→ WHAT IS NEEDED
Copy out exactly the lines spanning the line with "3月14日下午,风和日丽,在" to the line with "Selon le cabinet", inclusive, from the data underneath, with no pictures.

→ INFORMATION SUPPLIED

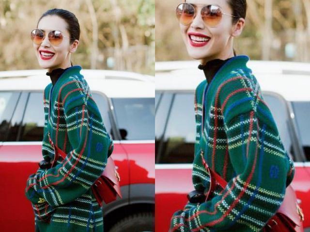 如果不想大面积穿红色和绿色,也可学习刘雯,把红色作为绿色的点缀,黑色的针织打底和撞色的针织衫搭配,为了让整体造型显得更加的协调所以刘雯选择了一条黑色的休闲裤、白色的鞋子,所以整体的造型看起来就主次分明,不过整体的造型最大的亮点还是在红色的包包搭配上,红色和墨绿色撞色很吸引眼球。
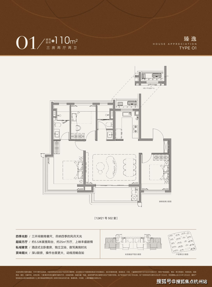 ·主卧酒店式套房+双台盆+270°转角飘窗,尺度与舒适度登峰造极。
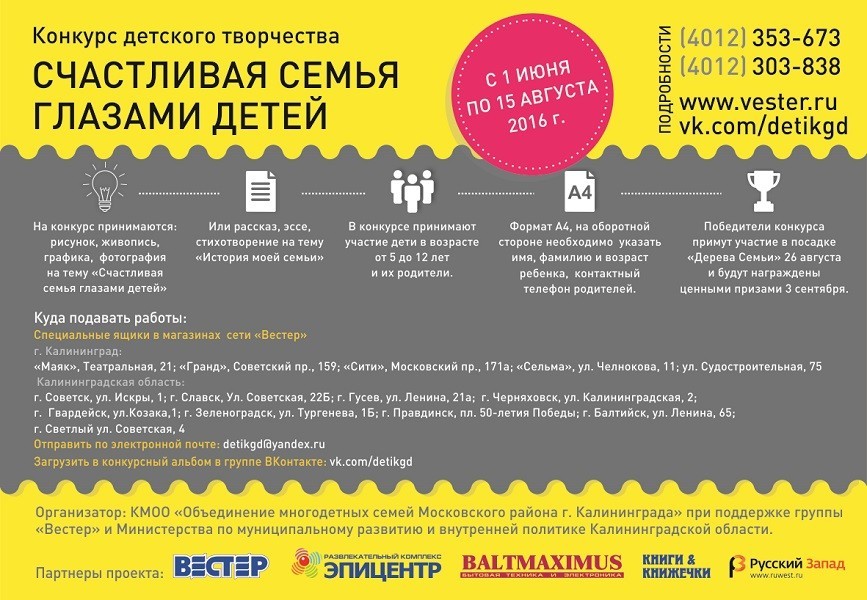 Организаторы акции: «КМОО «Объединение многодетных семей Московского района г. Калининграда», председатель Правления Болычев О. Н., при поддержке группы «Вестер» и Министерства по муниципальному развитию и внутренней политике Калининградской области»
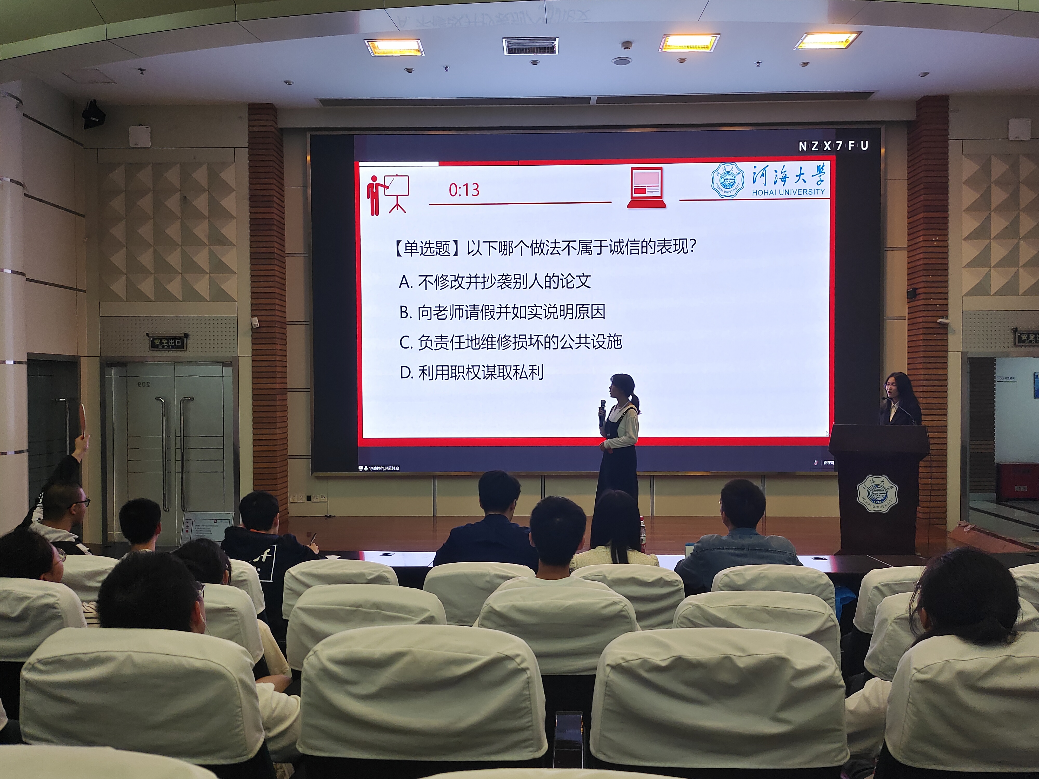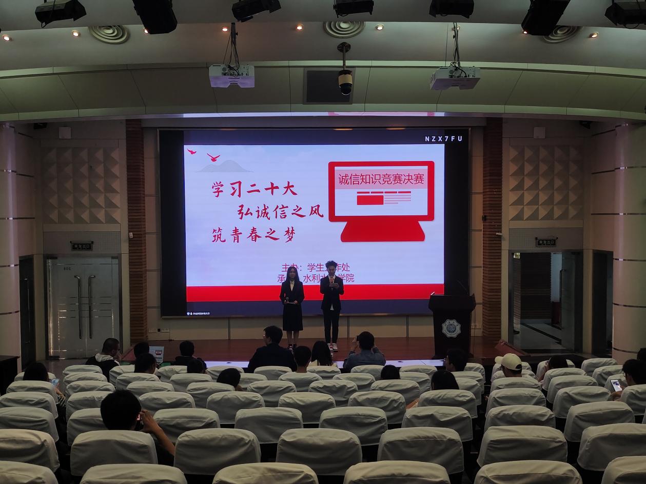 为认真学习贯彻习近平新时代中国特色社会主义思想和党的二十大精神,结合学校“诚信·励志·感恩”主题教育月活动的相关安排,由校学生工作处主办、JJGirls 承办的“学习二十大,弘诚信之风,筑青春之梦”诚信教育知识竞赛决赛于江宁会议中心举办。本次活动邀请土木与交通学院2021级辅导员韩新禹、公共管理学院2021级辅导员张睿宸与JJGirls 2021级辅导员侯开智担任评委,共有来自19个学院的180余名同学参加。
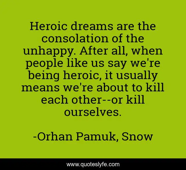 This page presents the quote "Heroic dreams are the consolation of the unhappy. After all, when people like us say we're being heroic, it usually means we're about to kill each other--or kill ourselves.". Author of this quote is Orhan Pamuk, Snow. This quote is about heroes, heroics, heroism, orhan-pamuk, snow,.
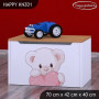 Detská truhla na hračky zo série detského nábytku Happy babies. Tento detský box na hračky môže slúžiť na úschovu a skladovanie i rozmernejších a hmotnejších hračiek, hier, stavebníc a detských kníh. Ideálne do vybavenia detskej izby alebo hracieho kútika. Ponúkame Vám krásnu detskú truhlu, ktorá je vyrobená z vysoko kvalitnej lamino dosky a na čele má krásny farebná potlač, ktorý sa Vášmu dieťaťu určite zalejú bí.
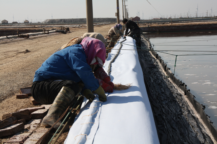 3月14日下午,风和日丽,在日晒制盐公司广阔的结晶生产区,洁白的盐廪、洁白的格堰在阳光照耀下,显得格处醒目,只见工人们有的在扒盐,有的在破碴,还有的在更换塑布......全公司上下一派大干场景。爱体育首页(中国)网页版在新河制盐分公司的八班一期生产区,只见工人们两人一组,蹲在池堰边,用土工布固化格堰,进行滩场亮化,这一片区域是公司正在建设的食用原料海盐生产基地。在一期与二期间的生产路上,爱体育首页(中国)网页版遇到了该公司经理安树林,他正从南边班组一路检查走来,他告诉爱体育首页(中国)网页版,自公司职代会召开过后,新河制盐分公司通过支委会、班组会迅速传达公司职代会精神,贯彻落实班组承包方案,对照全年产盐55万吨的目标,做好任务分解。当前盐业生产积极做好破碴、活碴、更新塑布等工作,全力推进扒盐工作,今年以来已经扒盐3.6万吨。
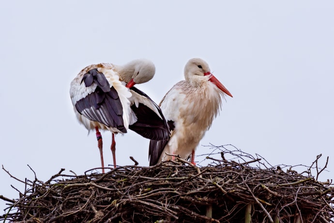 Ett säkert vårtecken i Skånes Djurpark är när det inneboende storkparet återvänder till sitt bo på ladugårdens tak. Storkar lever i livslånga par och hjälps åt med både bobygge och omhändertagandet av storkungarna. Just nu småpratar parkens storkar med varandra genom att klappra med näbbarna och förbereder sig för fullt inför äggens ankomst. Tillsammans hjälps de åt att bygga till boet så att det ska vara klart runt slutet av mars när äggen förväntas läggas.
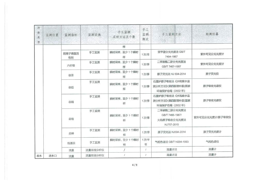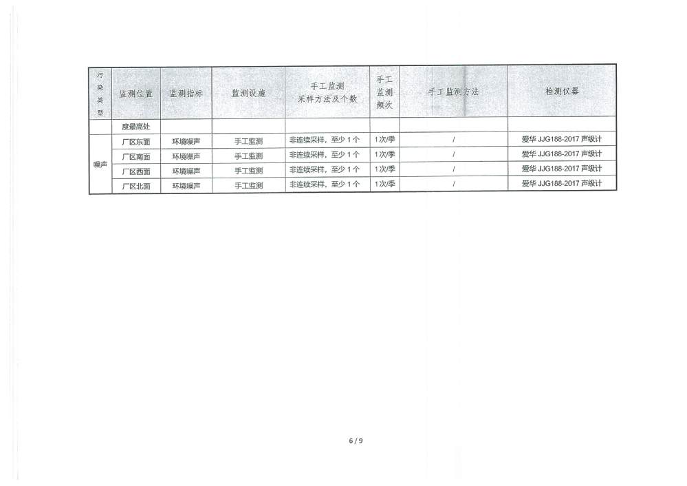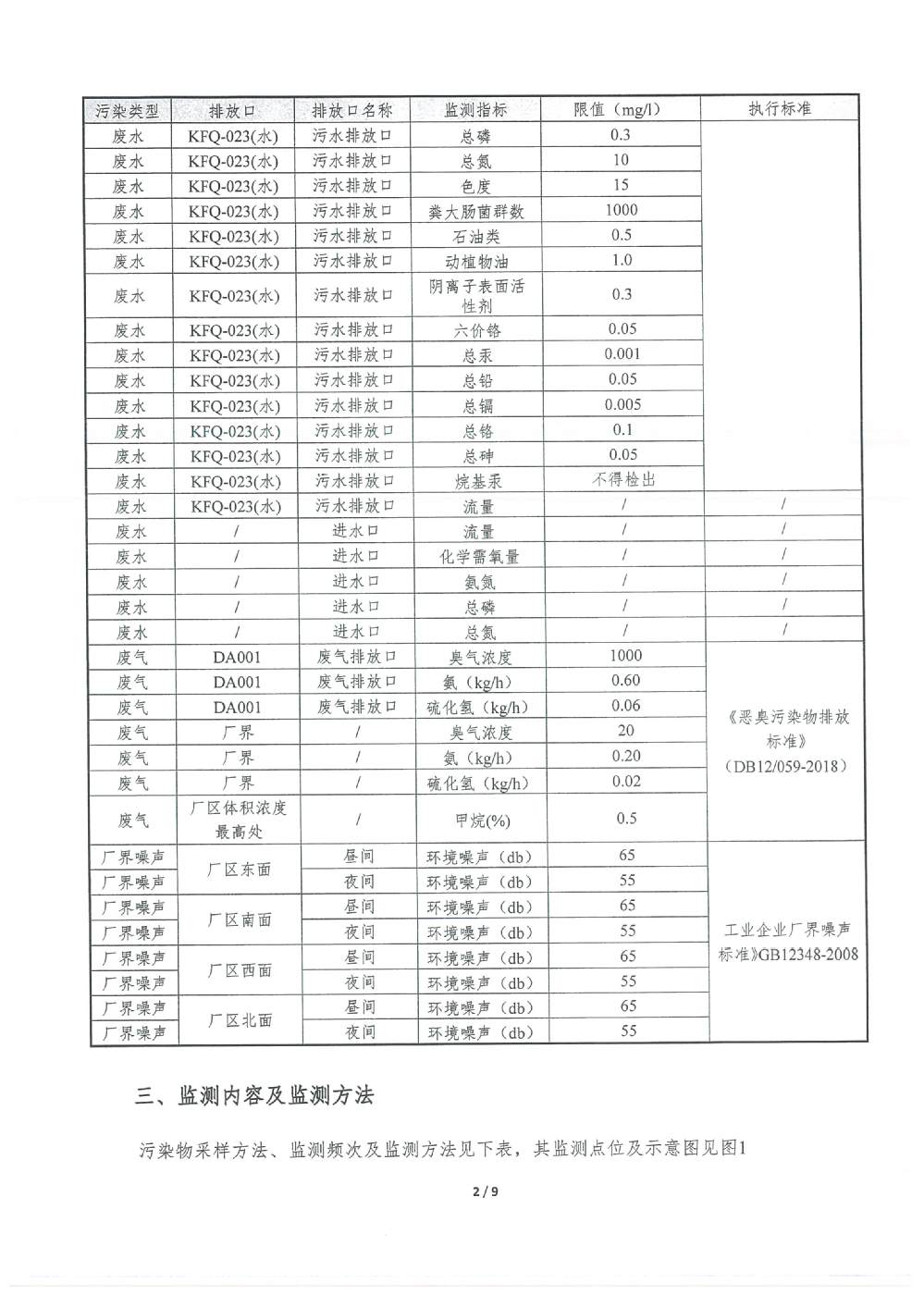 PH 6.70 6-9 92 100 COD 20.91 30 92 100 BOD5 2.29 6 92 100 SS 3.11 5 92 100 TP 0.19 0.3 92 100 TN 6.36 10 92 100 NH4-N 0.31 1.5(3.0) 92 100 色度 2.00 15 92 100 糞大腸菌群 17.02 1000 92 100 石油類 0.177 0.5 3 100 動植物油 0.247 1.0 3 100 陰離子表面活性劑 0.245 0.3 3 100 六價鉻 0.002 0.05 1 100 總鉻 0.015 0.1 1 100 總鎘 0.00034 0.005 1 100 總砷 0.0021 0.05 1 100 總鉛 0.0129 0.05 1 100 總汞 0.00031 0.001 1 100 出水達標率100% 2025年2季度 排放量(噸) 1 化學需氧量 2 氨氮(NH3-N) 2.50 3 總氮(以N計) 51.38 4 總磷(以P計) 1.53 3.防治污染設施的建設和運行情況
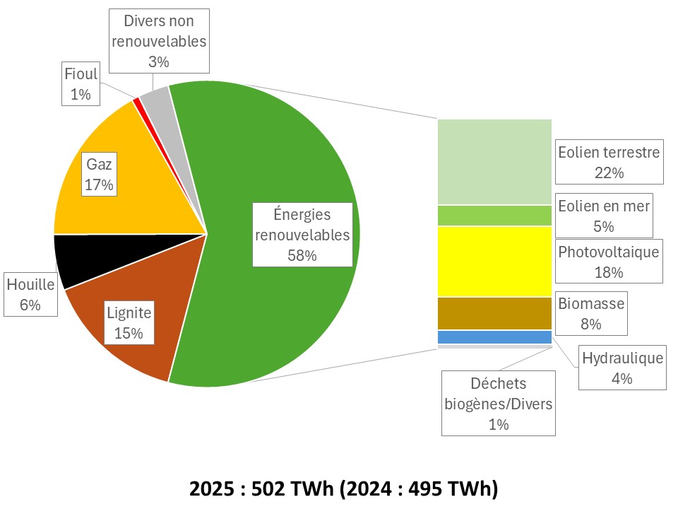 Selon le cabinet AG Energiebilanzen (AGEB 2025b) le volume total d’électricité produit en Allemagne en 2025 atteint 502 TWh bruts (hors STEP) soit une légère augmentation de 1,5% par rapport à 2024 (495 TWh).
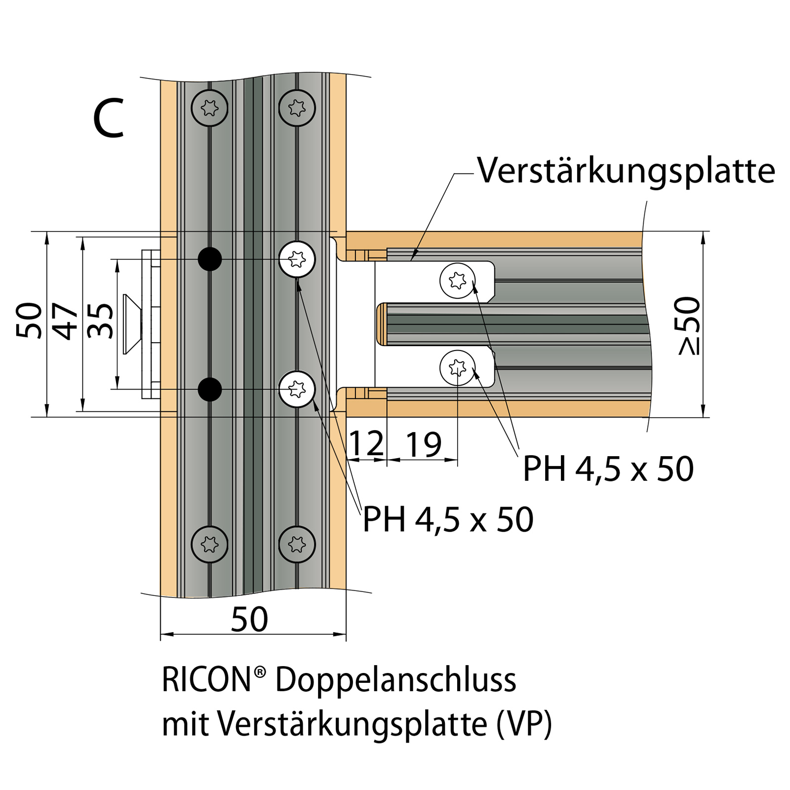 Der Haupt-/Nebenträgerverbinder RICON® besteht aus zwei baugleichen Verbinderplatten aus Stahl. Ein optionaler Sperrbügel verriegelt entgegen der Einschubrichtung. Das Verbindungssystem wird für nicht sichtbare Anschlüsse mit Holzbreiten ab 50 mm eingesetzt. RICON® ist als Einzelanschluss und Doppelanschluss in sechs Größen 60, 80, 100, 120, 140 und 160/40 erhältlich. Der RICON ist auch in Edelstahl verfügbar.
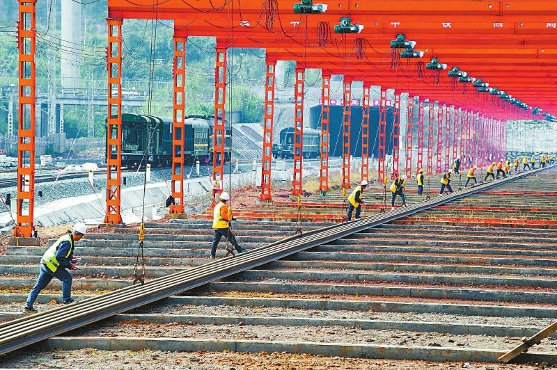 11月22日,施工人员在汉巴南铁路巴中东站铺轨基地运输单根500米长、30吨重的长钢轨。截至目前,巴中至南充段路基工程完成94.62%,桥梁工程完成91.5%,隧道工程完成98.5%,这条铁路预计2024年5月底开通。

→ SOLUTION FOR THIS PROBLEM
 3月14日下午,风和日丽,在日晒制盐公司广阔的结晶生产区,洁白的盐廪、洁白的格堰在阳光照耀下,显得格处醒目,只见工人们有的在扒盐,有的在破碴,还有的在更换塑布......全公司上下一派大干场景。爱体育首页(中国)网页版在新河制盐分公司的八班一期生产区,只见工人们两人一组,蹲在池堰边,用土工布固化格堰,进行滩场亮化,这一片区域是公司正在建设的食用原料海盐生产基地。在一期与二期间的生产路上,爱体育首页(中国)网页版遇到了该公司经理安树林,他正从南边班组一路检查走来,他告诉爱体育首页(中国)网页版,自公司职代会召开过后,新河制盐分公司通过支委会、班组会迅速传达公司职代会精神,贯彻落实班组承包方案,对照全年产盐55万吨的目标,做好任务分解。当前盐业生产积极做好破碴、活碴、更新塑布等工作,全力推进扒盐工作,今年以来已经扒盐3.6万吨。
 Ett säkert vårtecken i Skånes Djurpark är när det inneboende storkparet återvänder till sitt bo på ladugårdens tak. Storkar lever i livslånga par och hjälps åt med både bobygge och omhändertagandet av storkungarna. Just nu småpratar parkens storkar med varandra genom att klappra med näbbarna och förbereder sig för fullt inför äggens ankomst. Tillsammans hjälps de åt att bygga till boet så att det ska vara klart runt slutet av mars när äggen förväntas läggas.
 PH 6.70 6-9 92 100 COD 20.91 30 92 100 BOD5 2.29 6 92 100 SS 3.11 5 92 100 TP 0.19 0.3 92 100 TN 6.36 10 92 100 NH4-N 0.31 1.5(3.0) 92 100 色度 2.00 15 92 100 糞大腸菌群 17.02 1000 92 100 石油類 0.177 0.5 3 100 動植物油 0.247 1.0 3 100 陰離子表面活性劑 0.245 0.3 3 100 六價鉻 0.002 0.05 1 100 總鉻 0.015 0.1 1 100 總鎘 0.00034 0.005 1 100 總砷 0.0021 0.05 1 100 總鉛 0.0129 0.05 1 100 總汞 0.00031 0.001 1 100 出水達標率100% 2025年2季度 排放量(噸) 1 化學需氧量 2 氨氮(NH3-N) 2.50 3 總氮(以N計) 51.38 4 總磷(以P計) 1.53 3.防治污染設施的建設和運行情況
 Selon le cabinet AG Energiebilanzen (AGEB 2025b) le volume total d’électricité produit en Allemagne en 2025 atteint 502 TWh bruts (hors STEP) soit une légère augmentation de 1,5% par rapport à 2024 (495 TWh).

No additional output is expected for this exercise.